According to the Order, Immersion moved to disqualify Dr. Vincent Hayward from serving as an expert for Motorola based upon Dr. Hayward’s nine year employment with Immersion and service on Immersion’s Technical Advisory Board until February 10, 2012, which was three days after Immersion filed its Complaint in the investigation.  In particular, Immersion argued that Dr. Hayward received confidential information regarding the technologies at issue in the investigation and regarding Immersion’s business strategies and, therefore, “it is not realistic to believe that Dr. Hayward can serve as a consultant or expert for Motorola and separate in his mind the confidential materials and information to which he was exposed during the twelve years he was associated with Immersion.”  Immersion also noted that Dr. Hayward is currently serving as a scientific advisor to Tactile Labs, Inc. (“Tactile”), a company that develops haptic technologies. 

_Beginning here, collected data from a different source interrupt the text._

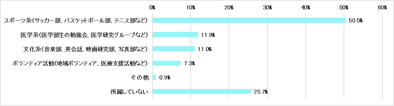活動内容別に見ると、「スポーツ系」が突出して多く半数以上(50.5%)で、医学系(11.9%)、文科系(11.0%)の5倍近い数値となった。
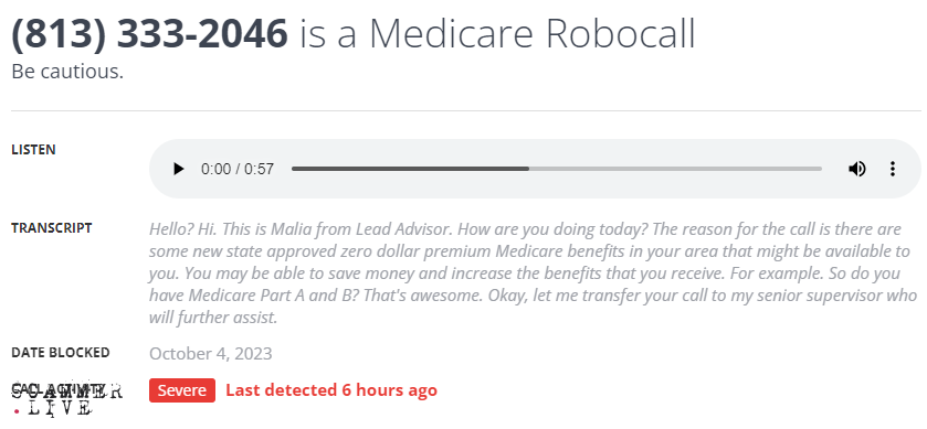 Hello? Hi. This is Malia from Lead Advisor. How are you doing today? The reason for the call is there are some new state approved zero dollar premium Medicare benefits in your area that might be available to you. You may be able to save money and increase the benefits that you receive. For example. So do you have Medicare Part A and B? That's awesome. Okay, let me transfer your call to my senior supervisor who will further assist.
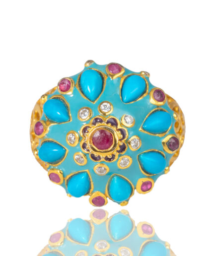 Sterling silver jewelry with 22k gold plated, natural stone and enamel.
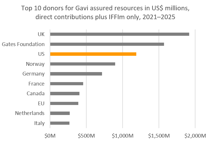 The U.S. has been one of the largest donors to Gavi, underwriting 13% of its overall budget. Of the $10.3 billion in assured resources 2021-2025, the UK contributed $1.9 billion, the Gates Foundation $1.6 billion, and the US $1.2 billion. Moreover, the U.S. alone provided $4 billion to Gavi’s COVAX mechanism, accounting for one-third of its funding and enabling equitable COVID-19 vaccine distribution.
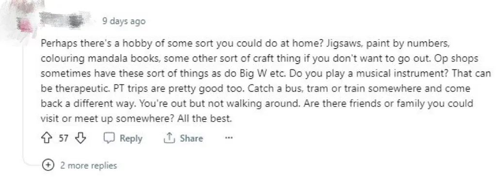 另一位網友也表示可以嘗試做自己喜歡的手工活動,像是拼圖、繪畫或者做一些手工藝品。
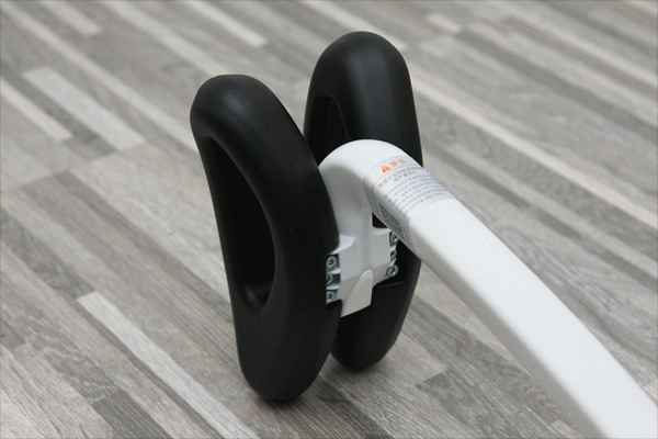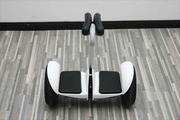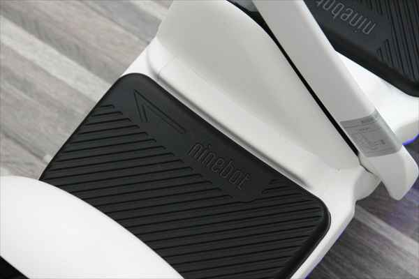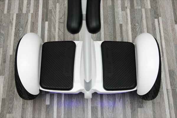 平衡车供使用者骑乘的部分,就是这两个硕大的踏板了。说“骑乘”不是太合适,因为中间的控制杆是用腿部夹紧来进行转向控制的,并不能真的骑在上面,小伙伴们使用中要注意喔!

In opposition, Motorola argued that “prior employment is not a disqualifying factor under the Protective Order and the proper test is whether the expert is currently employed by an interested party while serving as a consultant in an investigation.”  As to Dr. Hayward’s employment at Tactile, Motorola noted that Dr. Hayward began working at Tactile while he was still employed by Immersion and that Immersion “apparently had no concerns about Dr. Hayward’s ability to maintain the confidentiality of Immersion’s CBI during that time.”  As to prejudice, Motorola argued that Immersion is already under an obligation to provide relevant CBI to Motorola and, thus, Immersion will suffer no prejudice if Dr. Hayward is also independently aware of this information.  Further, Motorola asserted that it will be prejudiced if Dr. Hayward cannot serve as an expert because there are only a limited number of experts in the field of haptics and most have had some past experience with Immersion.     

Having considered the parties arguments, ALJ Gildea granted Immersion’s request, agreeing with Immersion that it is not realistic to believe that Dr. Hayward can “separate in his mind the confidential materials and information to which he was exposed” during his association with Immersion, and that this potential conflict of interest “outweighs the competing policy objectives of ensuring that Motorola has access to an expert with specialized knowledge of its choosing, the right of Dr. Hayward to pursue his profession, and preventing future litigants from easily disqualifying experts.”  In particular, the ALJ noted that Dr. Hayward had received CBI (after signing multiple confidentiality agreements) regarding Immersion’s ability to defend its intellectual property and “how Immersion could secure future IP and work the legal channel to monetize its basic haptics assets and strengthen its marketplace position.”  As to Motorola’s arguments regarding the sufficiency of the Protective Order to quell Immersion’s concerns, ALJ Gildea determined that “Motorola’s exclusive reliance on the Protective Order is misplaced and ignores the extensive case law regarding disqualification of experts who have had a previous confidential relationship with and received confidential information from a party.”  Lastly, the ALJ noted that Motorola provided no evidence to support its assertion regarding the limited number of experts in the field and, in any event, Dr. Hayward had significantly more than “some past experience with Immersion,” thus necessitating his disqualification.